Synchronous ATR infrared and NIR-spectroscopy investigation of sepiolite upon drying

Abstract

A new environmental cell allowing for the independent synchronous collection of the near- and mid-infrared spectra (12,000–600cm−1) in the diffuse reflection and attenuated total reflection (ATR) modes, respectively, is reported. The cell is employed to study in real time the dehydration of the phyllosilicate mineral sepiolite, Mg8Si12O30(OH)4(OH2)4·wH2O, in both its natural form and after in situ deuteration at ambient. The spectra are obtained under dynamic purging with dry N2 and compared to those of the same material conditioned over saturated salt solutions. Sepiolite is an important industrial mineral with a modulated structure of alternating tunnels and ribbons. Its mild drying is associated with pronounced vibrational spectral changes due to the removal of surface and zeolitic H2O and the concomitant structural relaxation of the ribbons. Detailed assignments are provided for the fundamental, combination and overtone spectrum of H2O confined in the tunnels of sepiolite, SiOH groups on the external surface of the particles, and Mg3OH groups in the 2:1 ribbons.
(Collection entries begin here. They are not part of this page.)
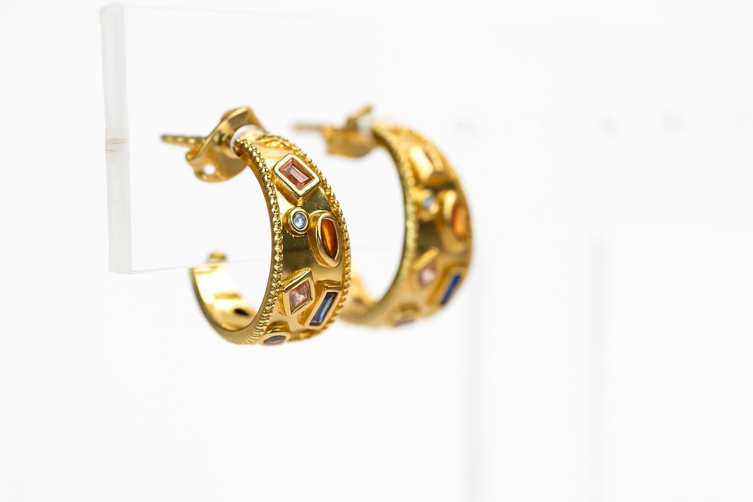 Arracadas mini que brillan con audacia. Diseñadas en baño de oro de 18k, estas piezas delicadas lucen piedras de colores vibrantes que capturan la luz con cada movimiento. Con apenas 1.6 cm de largo, son perfectas para quienes buscan un toque dorado sin renunciar al impacto visual. Versátiles y atrevidas, complementan cualquier look con elegancia minimalista.
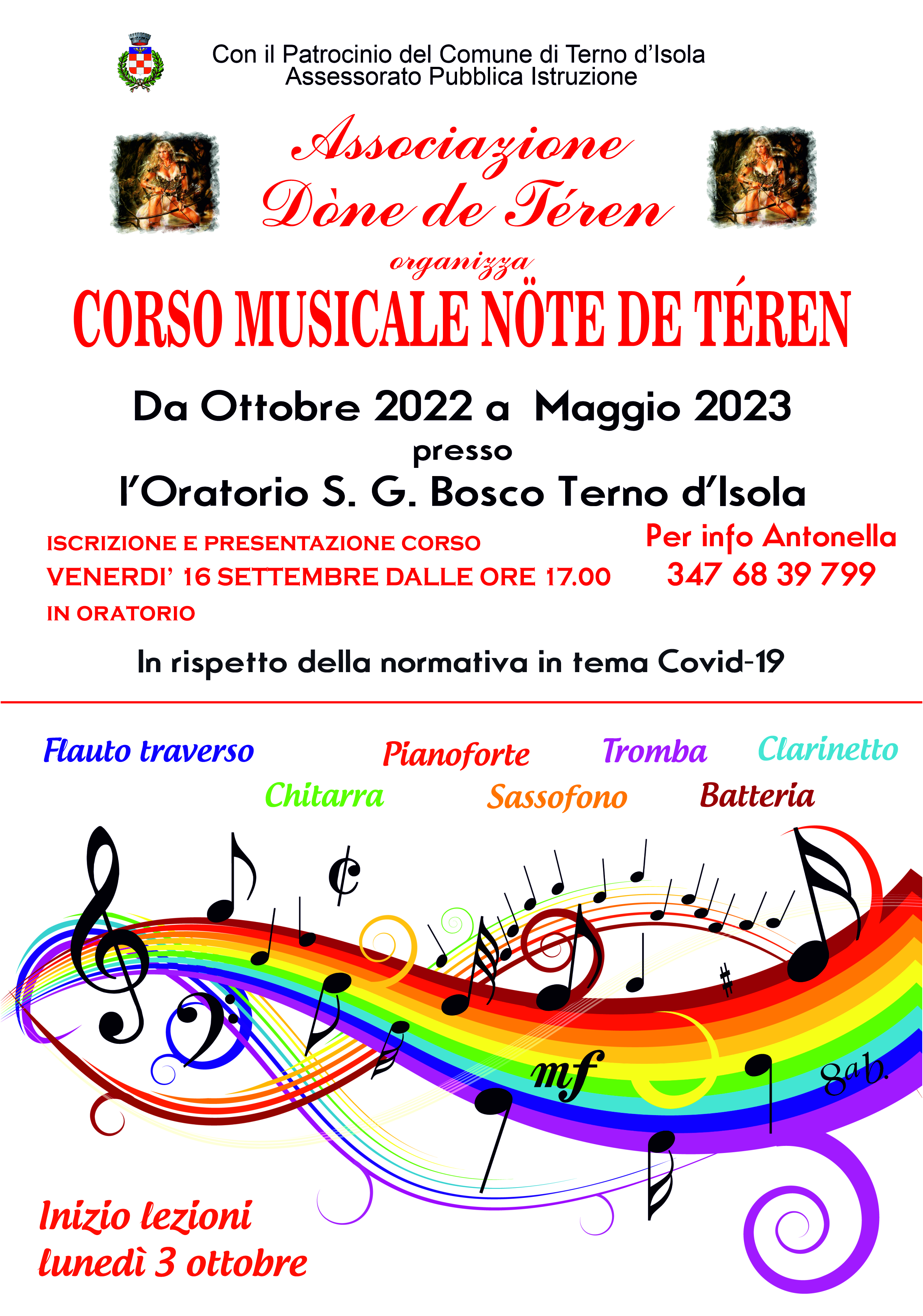 L'associazione Done de teren organizza anche per l'anno 2022/2023 il corso musicale "Note de teren" C/O l'oratorio S.G. Bosco di Terno d'isola a partire da Lunedì 03 ottobre.
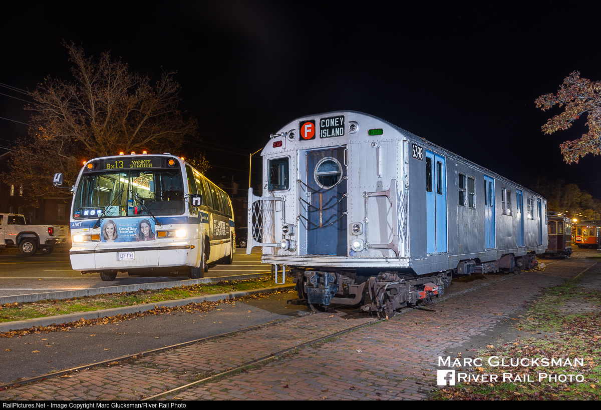 Subway Meets Bus. Former MTA NYCT Subway R-16 6398 and RTS 4901 are both part of the Trolley Museum of New York collection. With a little mix of the Bronx and Brooklyn, the two were posed next to each other. After dark on Saturday, November 11, 2023, the Trolley Museum of New York held a "Photographers Day And Night Event" in Kingston, New York. The museum was founded in 1955 and moved to its present Kingston location in 1983. The line and the collection offer an impressive amount of variety. For this part of the event, the cobblestone streets of Roundout Landing were selected near the Hudson River Maritime Museum and lined with trolley and subway cars (and even a bus!) from different cities. And though this was the first photography focused event that the museum has held in the modern era, it plans to have similar days in the future.
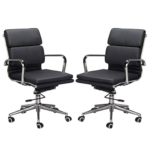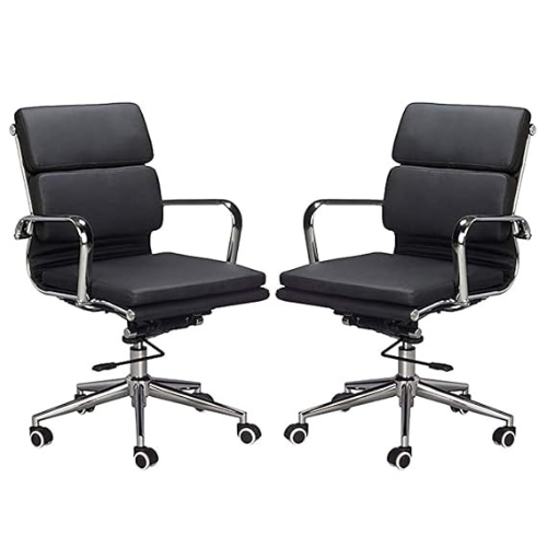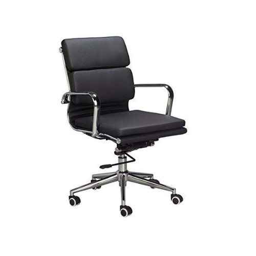 | Sturdy, heavy-duty chrome pyramid base with stabilizing bar swivel. The chrome finish adds elegance and style.COMFORTABLE OFFICE CHAIR: Adjustable height and tilt angle, and thick padded seat can give extra relaxation. Thanks to this office chair’s numerous adjustable features you can be assured of finding a perfect seating position just for you. The vegan leather features matching stitching to bring out the luxurious executive look and feel of the chair. Easy to clean without the need for harsh chemicals. |

The spectra are discussed in comparison to those of palygorskite (modulated phyllosilicate with narrower ribbons and tunnels), talc (trioctahedral magnesian phyllosilicate without modulation) and high-surface area silica. It is demonstrated that sepiolite exhibits three discrete states of zeolitic hydration at ambient temperature: Besides the previously known hydrated (w=7–8) and dry (w=0–1) states which dominate the spectra above 30% and below 3% relative humidity, respectively, a hitherto unknown intermediate (w=4–5) is found in the 3–10% range. The new state is most conveniently identified in the near-infrared by a ν02 Mg3O-H stretching mode at 7205cm−1 (ν01=3686cm−1, X=83.5cm−1) and a characteristic H2O combination band at 5271cm−1 (D2O: 3908cm−1).